Подданные редко видели, чтобы главный Ворон когда-нибудь гневался, смеялся или, как делают это все простые люди, выражал восхищение. И, что самое забавное, чем меньше Император проявлял эмоции, тем внимательнее окружающие пытались считывать его настроение.
Короткая линия, уходящая наверх от уголка правой губы и возникающая, к примеру, от весьма посредственного ужина, заставляла поваров трепетать. Шумное выдыхание воздуха и появление ямочек на щеках напротив свидетельствовали о величайшем расположении.
Для окружающих Император представал бесчувственным глиняным истуканом, обожженным в печи, в которого богиня по ошибке вдохнула жизнь. И подобное было лишь частью правды. После многочисленных сражений, подковерных интриг, битвы за престол, восстановления казны и усмирения недовольных, иными словами, после создания Империи в том виде, в котором она была сейчас, Кераю стало скучно.
К тому же он тщательно скрывал подлинные эмоции, помня заветы Аншары — настоящий воин своими поступками или словами не показывает противнику свои истинные замыслы. А противников у главного Ворона хватало. Даже сейчас, во времена относительного мира.
Витий Керай Кулен Первый понимал, что стоит ему дать слабину, как над его троном начнут кружить другие вороны. Не те, которым он платил жалование и считал своей главной опорой.
А между тем, в душе Императора, мастерски скрытый от всех остальных, порой кипел самый настоящий вулкан. Как человек зрелого возраста, Кераю пошел шестой десяток, потомок Кулена с каждым годом становился все более желчным и раздражительным.
Ему не нравился обрюзгший и мерзкий серебряноплечий Марк Паврет. Ворон, которого бы давно стоило отправить на заслуженную пенсию. Но тот занимался нужным делом — пробовал блюда Императора, проверяя, не отравлены ли они. К тому же, Марк оказался столь предан Кераю, что готов был лизать подметки сапог Императора без всякого возражения, если бы ему приказали.
Владетель почти всех просвещенных и цивилизованных земель Центрального материка не любил Конструкт. Город, разросшийся в целое государство, вызывал у Императора тягучую, черную, как сама Скверна, и мучительную мигрень. Стоило выйти за пределы дворца или хотя бы взглянуть вниз с высокого балкона, как голова начинала кружиться от бесчисленных огней, нескончаемого сонма голосов, звона железа, скрипа колес, мерзкого запаха прогорелого угля и смрадного духа людей.
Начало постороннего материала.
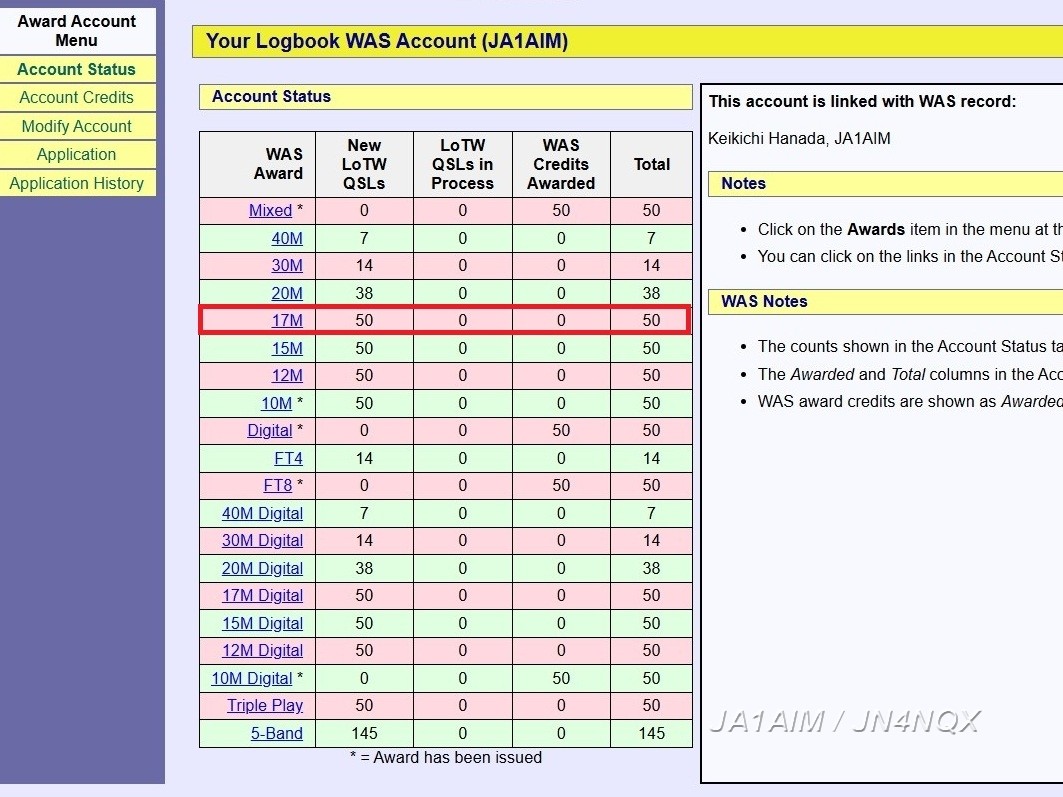 17M(18MHz帯)でのWAS(Worked All States)を達成しました!
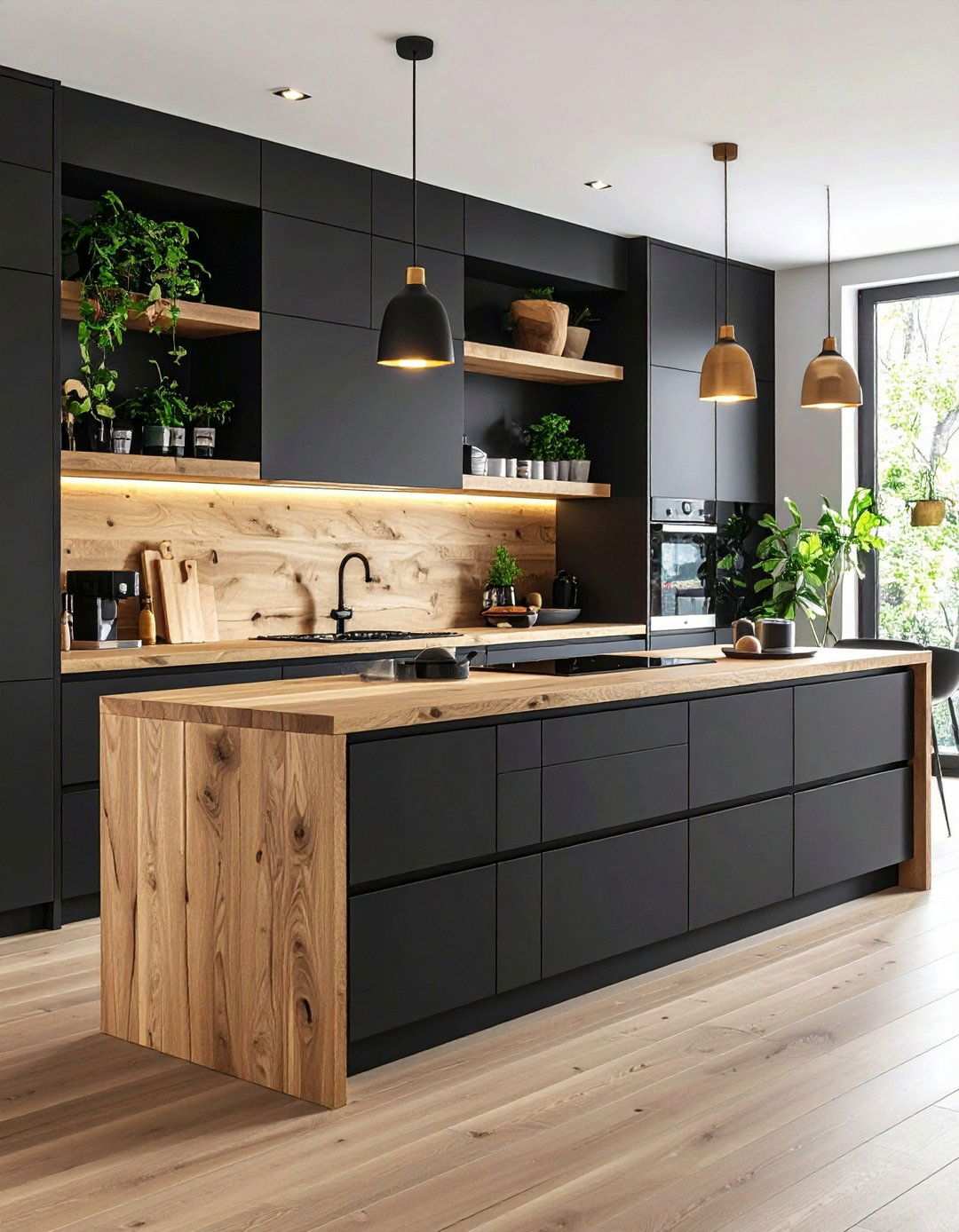 Staggering color—dark bases with lighter uppers—is a 2025 trend that injects instant movement into kitchen walls. By letting lower black kitchen cabinets anchor the room, you can create a grounded composition that suits both soaring lofts and modest apartments. Introduce pale gray, cream, or fluted wood wall units to lift sightlines and add visual interest. To tie the palette together, consider a mixed-material island featuring black on the cook-side and bleached oak toward the breakfast stools. If you’re hesitant, start by painting just one tall pantry door; living with the change will make the leap to full two-tone glory easier to take.

Но наиболее остро, так сильно, как только возможно, Император ненавидел собственный дворец. Твердыня-на-семи-холмах, окруженная с востока грязным озером, а с других сторон глубокими рвами, которые со временем расширили до каналов, была самым мрачным местом в Конструкте.
Именно здесь Уриш стал безумным. Керай то тут, то там до сих пор находил отголоски пребывания последнего короля Конструкта. Камень в столовой изначально был темнее и сохранил следы зубила, потому что приходилось снимать верхний слой. Уриш под конец своей жизни писал прямо на стенах «послания потомкам», макая пальцы в иноварскую краску, вывести которую не представлялось возможным.
Порой на дорогой и старинной мебели в забытых закутках еще можно было встретить послания свергнутого правителя. «Беги», «привет, милые кролики», «спроси у Вильхорта», «да кто вы такие?», «тогда натравим пауков», «капуста, да, да, капуста, пусть ее и едят».
Каждый раз Керай с содроганием читал кривые строчки. Ему казалось, что мертвый король разговаривает с ним, насмехается, испытывает на прочность. И всегда нахождение очередной нацарапанной писульки заканчивалось грандиозной проверкой всей мебели и выбрасыванием испорченной. Однако вскоре, будто по велению сиел, послания обнаруживались за изголовьем кровати, на ножке стула или под подсвечником. И все опять повторялось.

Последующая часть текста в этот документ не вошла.